● **ASSIGNMENT**
Could you please transcribe the data exactly, without the pictures?

------------------------

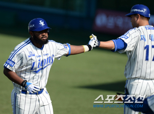 2014 프로야구 삼성라이온스와 NC다이노스의 경기가 9일 대구시민운동장 열렸다. 삼성 1회초 선두타자 나바로가 좌월 솔로홈런을 치고 홈인하고 있다. 대구=최문영 기자 deer@sportschosun.com
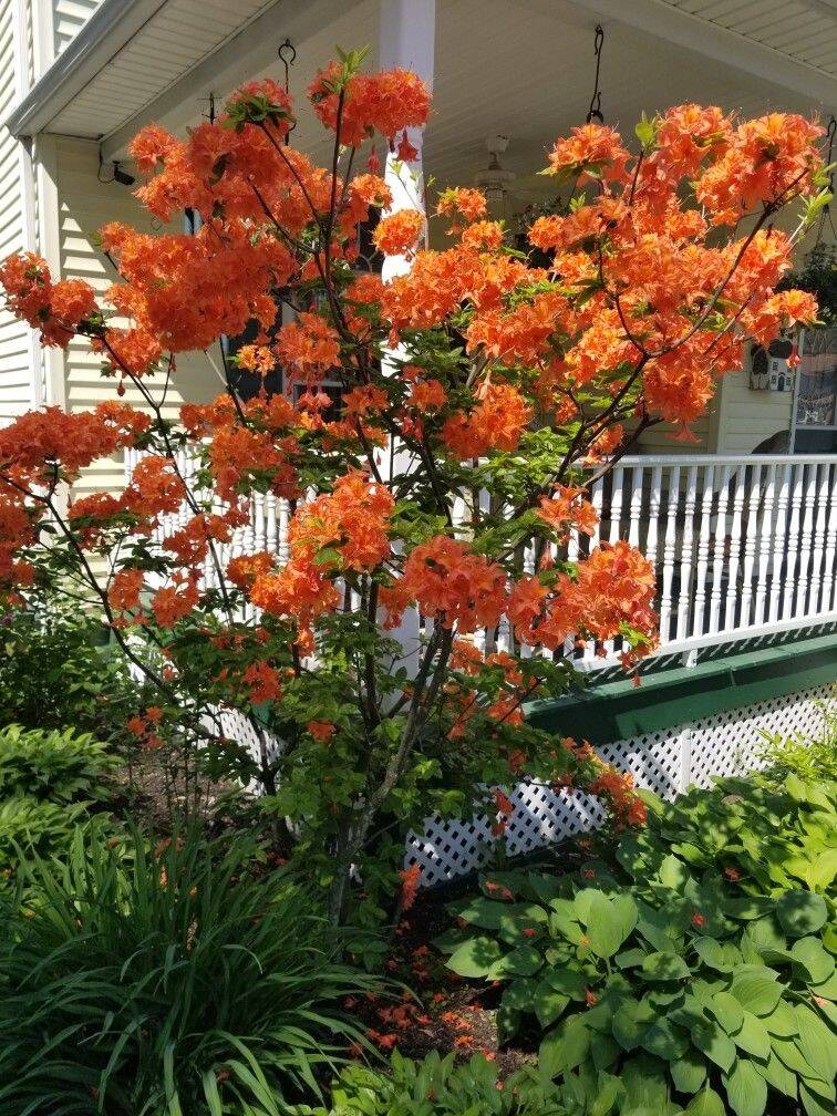 Сорт американской селекции с яркими красно-оранжевыми ароматными цветками (до 6-8 см), собранными в шаровидные соцветия. Куст достигает 1,2–1,8 м в высоту, цветет обильно в мае-июне, требуя кислой, рыхлой почвы, полутени и регулярного полива.
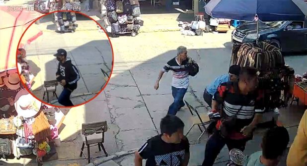 Un segundo video no alcanza a mostrar el momento del crimen, pero sí cuando comerciantes y transeúntes de la calle Taxco corren despavoridos al escuchar los balazos. Una señora se lleva empujando a su hijo, entre jóvenes y adultos que tratan de ponerse a salvo. Un vendedor semifijo, adulto mayor, se agacha atrás de su puesto al momento en el que pasa corriendo el delincuente, quien logra darse a la fuga entre la multitud.
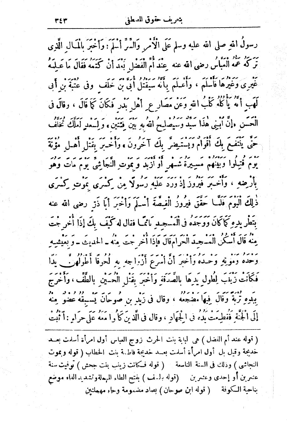 (قوله عِنْدَ أُمّ الْفَضْلِ) هي لبابة بنت الحرث زوج العباس أول امرأة أسلمت بعد خديجة وقيل بل أول امرأة أسلمت بعد خديجة فاطمة بنت الخطاب (قوله وبموت النجاشي) وذلك في السنة التاسعة (قوله فكانت زَيْنَب بِنت جَحْش) توفيت سنة عشرين أو إحدى وعشرين (قوله بالطف) بتفح الطاء المهملة وتشديد الفاء موضع بناحية الكوفة (قوله ابن صوحان) بصاد مضمومة وحاء مهملتين (*)
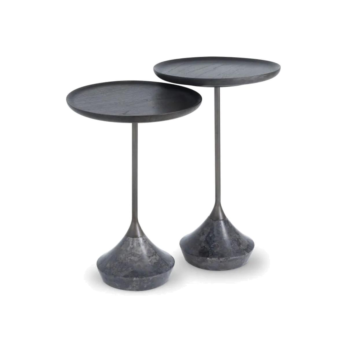 The retro chic 2-piece set of Puglia Side Tables will look amazing in your living room. Dimensions: ø 35 x H. 56 cm | H. 50,5 cm Finish: Grey marble | bronze finish | mocha finish Marble is a natural material, each piece differs in color and veining
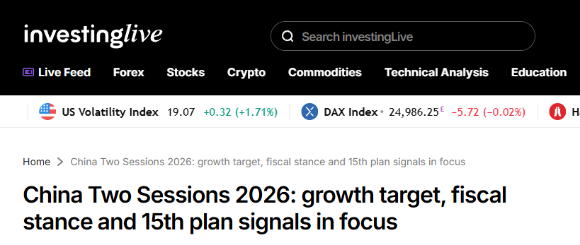 美國知名財經(jīng)網(wǎng)站Investinglive重點新一年度政府工作報告,該報告通常會設(shè)定年度主要目標(biāo)和政策任務(wù),并最清晰地傳遞出中央政府的宏觀政策取向。

------------------------

● **COMPLETED TASK**
 2014 프로야구 삼성라이온스와 NC다이노스의 경기가 9일 대구시민운동장 열렸다. 삼성 1회초 선두타자 나바로가 좌월 솔로홈런을 치고 홈인하고 있다. 대구=최문영 기자 deer@sportschosun.com
 Сорт американской селекции с яркими красно-оранжевыми ароматными цветками (до 6-8 см), собранными в шаровидные соцветия. Куст достигает 1,2–1,8 м в высоту, цветет обильно в мае-июне, требуя кислой, рыхлой почвы, полутени и регулярного полива.
 Un segundo video no alcanza a mostrar el momento del crimen, pero sí cuando comerciantes y transeúntes de la calle Taxco corren despavoridos al escuchar los balazos. Una señora se lleva empujando a su hijo, entre jóvenes y adultos que tratan de ponerse a salvo. Un vendedor semifijo, adulto mayor, se agacha atrás de su puesto al momento en el que pasa corriendo el delincuente, quien logra darse a la fuga entre la multitud.
 (قوله عِنْدَ أُمّ الْفَضْلِ) هي لبابة بنت الحرث زوج العباس أول امرأة أسلمت بعد خديجة وقيل بل أول امرأة أسلمت بعد خديجة فاطمة بنت الخطاب (قوله وبموت النجاشي) وذلك في السنة التاسعة (قوله فكانت زَيْنَب بِنت جَحْش) توفيت سنة عشرين أو إحدى وعشرين (قوله بالطف) بتفح الطاء المهملة وتشديد الفاء موضع بناحية الكوفة (قوله ابن صوحان) بصاد مضمومة وحاء مهملتين (*)
 The retro chic 2-piece set of Puglia Side Tables will look amazing in your living room. Dimensions: ø 35 x H. 56 cm | H. 50,5 cm Finish: Grey marble | bronze finish | mocha finish Marble is a natural material, each piece differs in color and veining
 美國知名財經(jīng)網(wǎng)站Investinglive重點新一年度政府工作報告,該報告通常會設(shè)定年度主要目標(biāo)和政策任務(wù),并最清晰地傳遞出中央政府的宏觀政策取向。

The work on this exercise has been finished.